ASPEK.ID, JAKARTA – Kejaksaan Agung (Kejagung) kembali menyita aset milik tersangka Sudianto alias Aseng dalam kasus dugaan korupsi izin usaha pertambangan (IUP) PT QSS di Kalimantan Barat. Kali ini, nilai aset yang disita ditaksir mencapai Rp338,35 miliar.
Penyitaan dilakukan tim penyidik terhadap aset bergerak maupun tidak bergerak yang diduga berkaitan dengan perkara tersebut. Barang bukti yang diamankan meliputi tanah dan bangunan, kapal tongkang, kapal tug boat, alat berat, hingga puluhan dump truck.
Kepala Pusat Penerangan Hukum Kejagung Anang Supriatna mengatakan total nilai estimasi seluruh aset yang disita mencapai Rp338.358.700.000.
“Total nilai estimasi keseluruhan barang bukti yang disita oleh tim penyidik saat pelaksanaan penyitaan tersebut mencapai Rp338.358.700.000,” kata Anang dalam keterangannya, Minggu (30/8/2026).

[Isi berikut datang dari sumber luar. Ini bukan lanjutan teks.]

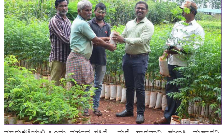
ಮಾರುಕಟ್ಟೆಯಲ್ಲಿ ಒಂದು ವರ್ಷದ ಸಸಿ 40 ರೂ.ಗಳಿದ್ದರೆ 6 ರೂ.ಗಳಲ್ಲಿ ಆ ಸಸಿಗಳನ್ನು ಬಂಕದಕಟ್ಟೆಯ ಪೈಟೆಕ್ ನರ್ಸಿಂಗ್ ಕೇಂದ್ರ ವಿತರಿಸುವ ಮೂಲಕ ಸಸಿಗಳನ್ನು ನೆಡಲು ಪ್ರೇರಣೆ ನೀಡಲಿದೆ. ಬಂಕದಕಟ್ಟೆ ಪೈಟೆಕ್ ನರ್ಸಿಂಗ್ ಕೇಂದ್ರದಲ್ಲಿ ನುಗ್ಗೆ, ಸಾಗವಾನಿ, ಹುಣಸಿ, ಹುಕ್ಕಾಣಿ, ನೆಲ್ಲಿ, ಬಿದಿರು, ಬೇವು ಸೇರಿದಂತೆ ವಿವಿಧ ತಳಿಯ ಸಸಿಗಳು ಲಭ್ಯವಿವೆ. ಬಿಸಿಲಿನ ಬೆಳೆಗೆ ತಡೆಯಲು ತಂಪಾದ ವಾತಾವರಣ ನಿರ್ಮಿಸಿ ಮಳೆಗೆ ಅನುವು ಮಾಡಿಕೊಡುವ ಪರಿಸರ ಸೃಷ್ಟಿಸಿ ಸಸಿಗಳ

Anang merinci, aset tidak bergerak berupa tanah dan bangunan yang berada di Kota Pontianak dan Kabupaten Kubu Raya memiliki nilai sekitar Rp1,43 miliar.
Sementara itu, aset bergerak menjadi penyitaan dengan nilai terbesar, yakni sekitar Rp336,9 miliar. Rinciannya terdiri atas tujuh unit kapal tongkang senilai Rp210 miliar dan sembilan unit kapal tug boat dengan nilai sekitar Rp90 miliar.

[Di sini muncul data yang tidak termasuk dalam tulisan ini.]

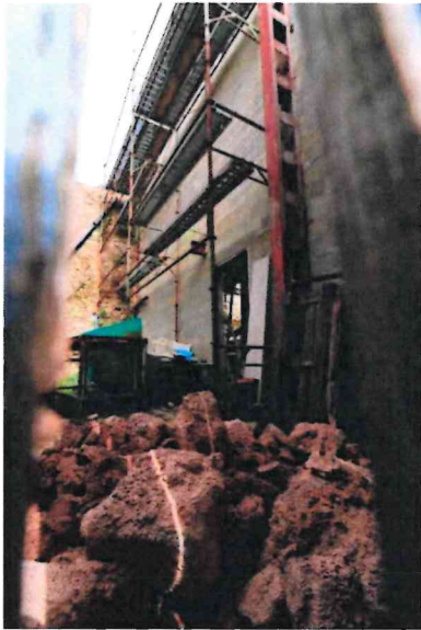
Photographie n° 13

Selain itu, penyidik juga menyita 16 unit alat berat di lokasi tambang. Alat berat tersebut terdiri dari excavator, grader, loader, dan vibro dengan nilai total sekitar Rp32 miliar.
Tak hanya itu, Kejagung turut mengamankan 46 unit dump truck dan tiga mobil operasional yang digunakan dalam aktivitas pertambangan. Seluruh barang bukti telah disegel untuk kepentingan proses penyidikan.
Menurut Anang, aset yang disita akan dititipkan dan diamankan agar tetap terjaga, termasuk nilai ekonominya, sehingga dapat digunakan sebagai barang bukti dalam persidangan.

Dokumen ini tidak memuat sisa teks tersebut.